Tools and Processes for Distributed Working Tools and Processes for Distributed Working May. 3rd, 2016 Aaron Stanush

Tools and Processes for Distributed Working

May 3rd, 2016

Even with all the positivity and commitment in the world, becoming a fully #DistributedTeam wouldn’t be possible without using the right tools, having the right set of protocols in place, and figuring out how to process anything anywhere when there’s no physical office for processing in. Over the last three years as Four Kitchens has transitioned to a fully distributed team, we’ve gained some valuable insight about what tools, protocols, and processes fit best with our own style of distributed working. These are the practices that work best for us, but don’t take our word for it—try them out with your own team and encourage feedback to decide what works best for you.

Communication tools

Before anything else, you have to be able to talk with your teammates, reproducing the flow of communication you’d get in a side-by-side in a physical office as closely as possible. For one-on-one or even few-on-few discussions, any chat program will do. For conversations about specific topics, we prefer video conferencing over text-based chat rooms— there’s a lot of non-verbal communication that comes from seeing someone’s face when you’re talking with them.
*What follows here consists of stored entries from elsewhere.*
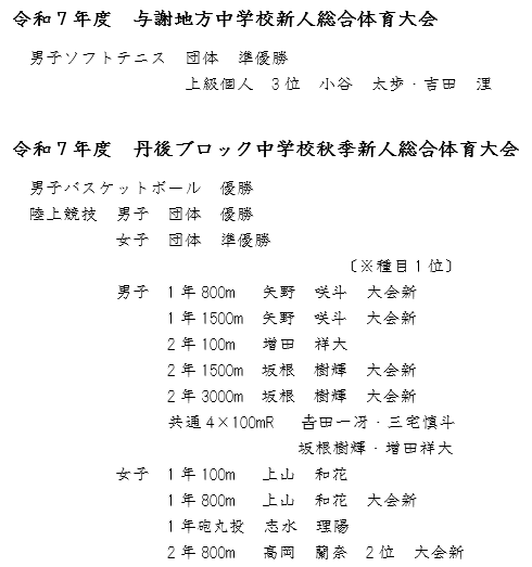 丹後ブロック秋季新人・与謝地方新人総体 結果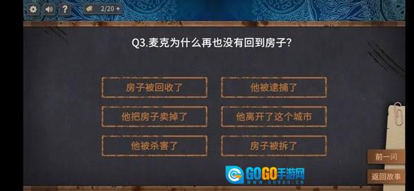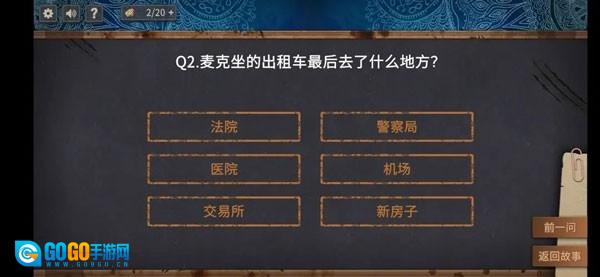 这时再看目的地选项,就能把机场和海底排除掉了,毕竟麦克并没有离开城市。剩下的两个选项问过之后,确定是警察局。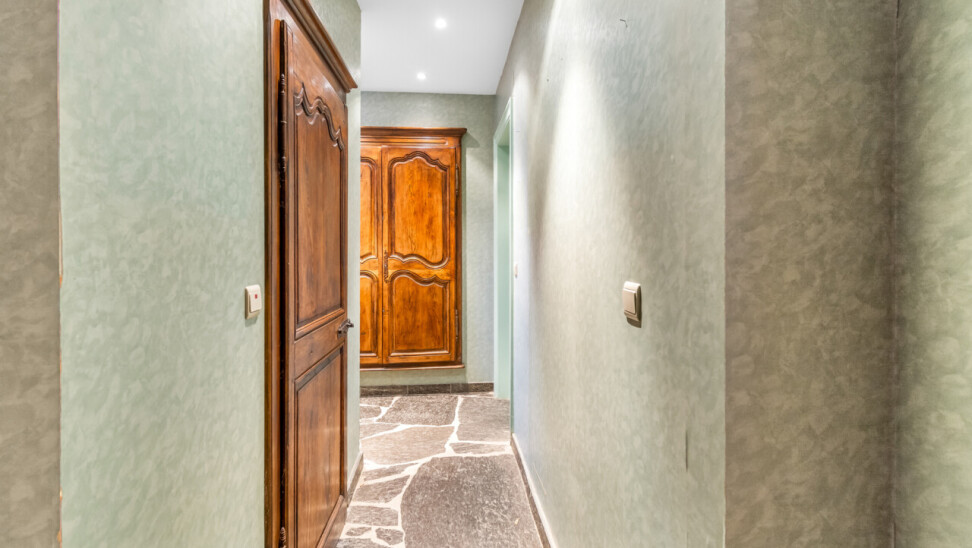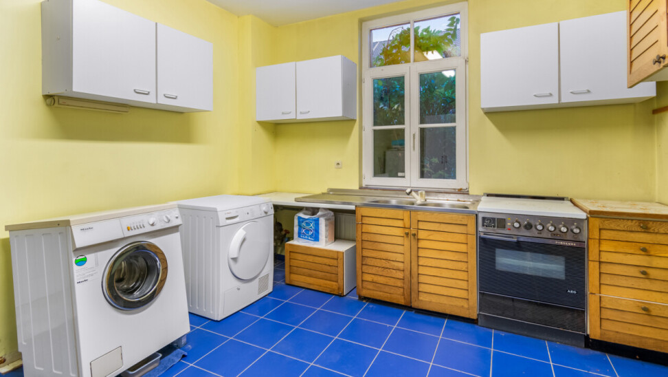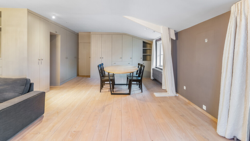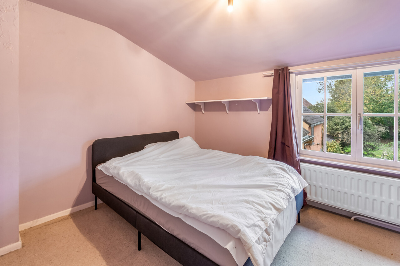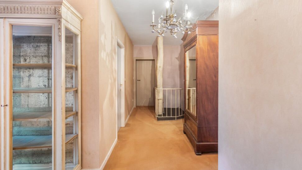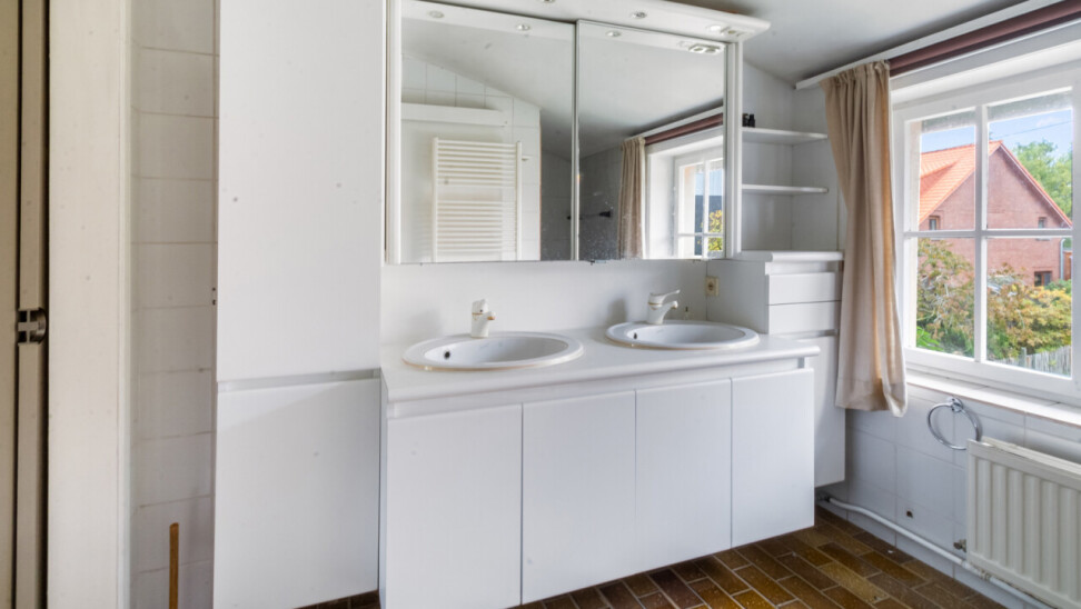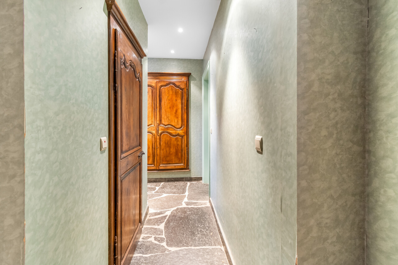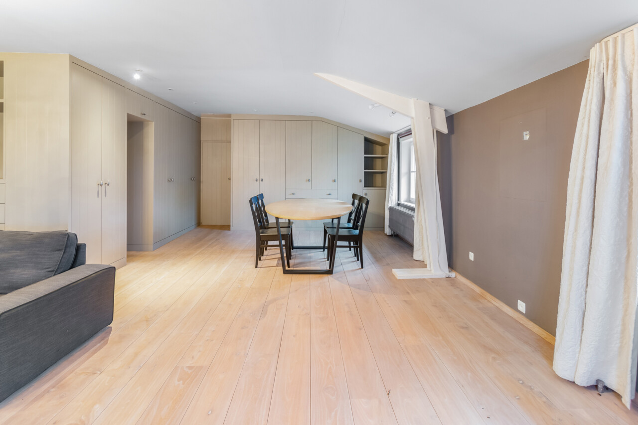 De inkomhal geeft toegang tot de verschillende ruimtes: een bureauruimte met aansluitend toilet, de ruime leefruimte en de keuken. De woonkamer is voorzien van massief parket en geniet van veel natuurlijk licht en een prachtig uitzicht op de tuin. Het aanpalende eetgedeelte heeft een natuurstenen vloer en volledig ingebouwde kasten. De originele open haarden zijn bewaard gebleven, wat bijdraagt aan de authentieke sfeer.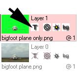 10. 若此時看到 Layer1 的背景影像還是綠色的話,點一下 Layer1 上“T”圖示,如圖 10,原本有一個“X”的話,表示不開啟透明度,反之可開啟透明度。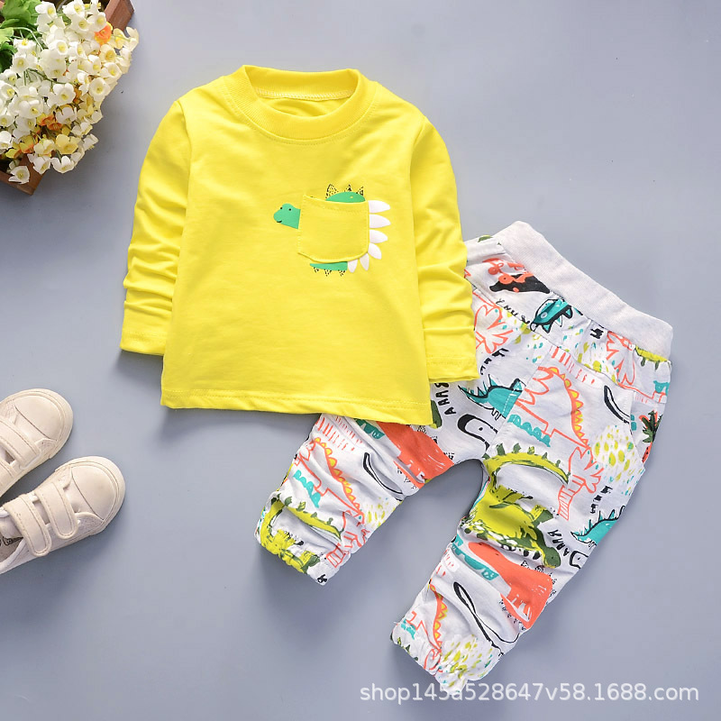 • QQH-긴 소매 공룡 쓰리 피스 옐로우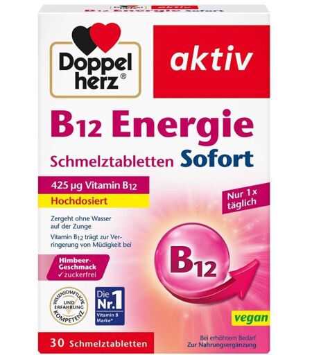 Anwendungsgebiet von Doppelherz aktiv B12 Energie Sofort SchmelztablettenDoppelherz aktiv B12 Energie Sofort Schmelztabletten sind ein Nahrungsergänzungsmittel und kann helfen bei einem erhöhten Bedarf oder einer unausgewogenen Ernährung, den Vitamin B12 Bedarf zu decken. Für Gesundheit, Energie und Leistungsfähigkeit spielt eine ausreichende Versorgung mit Nährstoffen eine wichtige Rolle. Eine höhere Zufuhr von Vitamin B12 kann einen Beitrag zur Versorgung leisten. So unterstützt das Vitamin B12 bei erhöhtem Bedarf, bei einer unausgewogenen Ernährung oder bei nachlassender Vitamin B12-Verwertung im fortschreitenden Alter. Eine Schmelztablette Doppelherz B12 Energie enthält 425 µg Vitamin B12 und unterstützt daher die gute Vitamin B12-Versorgung. Vitamin B12 trägt zu einem normalen Energiestoffwechsel, zur Verringerung von Müdigkeit und Erschöpfung sowie zu einer normalen Funktion des Nervensystems bei. Wirkungsweise von Doppelherz aktiv B12 Energie Sofort Schmelztabletten Wirkstoffe / Inhaltsstoffe / ZutatenZutaten von Doppelherz aktiv B12 Energie Sofort Schmelztabletten: Füllstoff Mannit, Füllstoff Isomalt, Stärke, Trennmittel vernetzte Carboxymethylcellulose, Säurungsmittel Citronensäure, Aroma, Trennmittel Magnesiumsalze der Speisefettsäuren, Vitamin B12 Zusammensetzung pro Tagesportion (= 1 Tablette) % NRV* Vitamin B12 425 μg 17000 % * Nährstoffbezugswerte gemäß EU-Verordnung 1169/2011GegenanzeigenBei bekannter Überempfindlichkeit gegenüber einen der oben genannten Inhaltsstoffe sollte dieses Produkt nicht angewendet werden.DosierungVerzehrempfehlung von Doppelherz aktiv B12 Energie Sofort Schmelztabletten: Einmal täglich eine Tablette unter oder auf die Zunge legen und langsam schmelzen lassen. EinnahmeDie Schmelztabletten mit leckerem Himbeer-Geschmack werden direkt unter oder auf die Zunge gegeben und lösen sich dort auf.HinweiseNahrungsergänzungsmittel stellen kein ...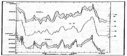 Содержание другого углеродного соединения - метана - в древней атмосфере также тесно связано с ходом палеотемператур. Резкие изменения концентрации метана приходятся на оба ледниково-межледниковых перехода: 150-135 тыс. и 18-9 тыс. лет назад. В эти периоды она резко возрастала (от 0,35 ppm в разгар оледенения до 0,6-0,7 ppm в межледниковые оптимумы). Для валдайской ледниковой эпохи характерны четыре максимума содержания СН4 во время относительно теплых интервалов, что не так заметно в ходе изменений CO2.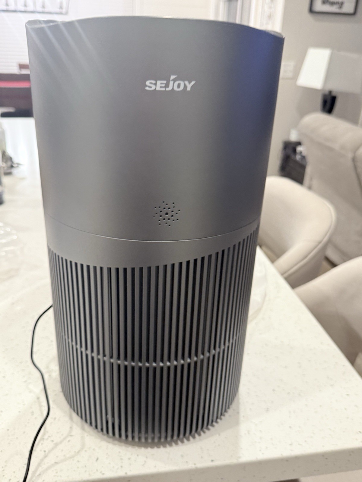 The SEJOY Air Purifier HEPA Filter is a sleek gray device designed for quiet operation in home or office spaces. With 360° coverage and a filtration technology of HEPA-Type and Pre-Filter, it effectively captures contaminants such as tobacco smoke, allergens, dust, and pollen. This portable air purifier has a coverage area of 60 sq ft with 3 speed settings and a filter life of 6 months. Its floor mounting and digital control style make it easy to use and maintain, providing clean air for any room in your space.
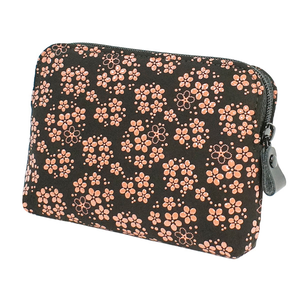 印伝 甲州印伝 印傳屋 上原勇七 小物ポーチ 化粧ポーチ 4409 忘れな草 黒地×ピンク漆 鹿革 本革 レザー 花柄 ブランド 冬ギフト バレンタイン 贈り物 YM01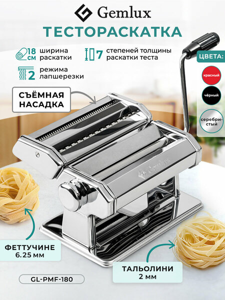 Тестораскатка лапшерезка ручная Gemlux GL-PMF-180 – незаменимый помощник хозяйки. Это металлическая кухонная утварь, приспособление для раскатки крутого теста в пласт при изготовлении пасты: лазаньи, канеллони, равиоли. Аппарат также можно использовать как раскатку теста для чебуреков, для раскатывания теста при лепке пельменей, резки домашней лапши, лапши для лагмана и других макаронных изделий. Механическая раскаточная машинка оснащена 1 парой валков, которые приводятся во вращение вручную при помощи съемной рукоятки. Ширина раскатки 18 см, толщина пласта регулируется в пределах от 0,5 до 3 мм (7 положений). Для регулировки зазора между валками оттяните ручку регулятора в сторону (не перекашивая ее!), поверните в нужном направлении и верните на место так, чтобы зубец на ручке вошел в предназначенный для него паз. В комплект тестораскатывающей машины входит съемная двусторонняя насадка лапшерезка для нарезки плоской лапши тальолини шириной 2 мм и феттучине шириной 6,25 мм. Для крепления к поверхности стола, чтобы зафиксировать тесто раскатыватель в процессе работы, предусмотрена струбцина. Машина для приготовления лапши выполнена из хромированной стали. Обратите внимание! Прибор нельзя мыть водой и в посудомоечной машине. Очищайте его от муки и остатков теста сухой щеткой. Тестораскатыватель предназначен для раскатки очень крутого теста! Лучше всего он работает с таким рецептом: на 200 г муки - 2 яйца, 1 ст. л. растительного масла и 1/2 ч. л. соли. После замеса такое тесто выглядит как смесь сухих комочков. Слепите его в шар, дайте отлежаться и нарежьте на небольшие куски. Чтобы машинка не рвала тесто, необходимо начинать с самого большого зазора между валками. Пропустите кусок между валками, присыпьте мукой, сложите пополам, поверните на 90о и снова пропустите. Повторите несколько раз. Уменьшите зазор на единицу и повторите процедуру. Постепенно тесто будет становиться более тонким, гладким и пластичным. Не забывайте присыпать мукой, чтобы лапша не слипалась.

Zoom (Four Kitchens’ pick for best tool)

  • Pros: Everything — Handles 50+ person video calls with good audio and video quality, screen sharing, ability to record meetings, Slack and Google Calendar integration (we could go on)
  • Cons: It’s a stand-alone program, so new clients will have to download the Zoom software before you can start talking with them. If you’ve used Gotomeeting, the workflow is very similar.

Google Hangouts

  • Pros: Since Hangouts dropped the requirement of installing a browser extension, you can click an invite link and be chatting in the meeting within seconds.; good for small party-line conferences of five or six people (great for teams); Google Hangouts is both the video application and text application (aka GChat), so it’s easy to send text and links to fellow participants; automatic recording and archiving of the call via YouTube; and it uses a wide-bandwidth audio, so the sound is impeccably clear
  • Cons: Video and sound quality can be spotty at best. Beyond six or seven people is difficult in Hangouts; doesn’t play well as with other programs as Zoom.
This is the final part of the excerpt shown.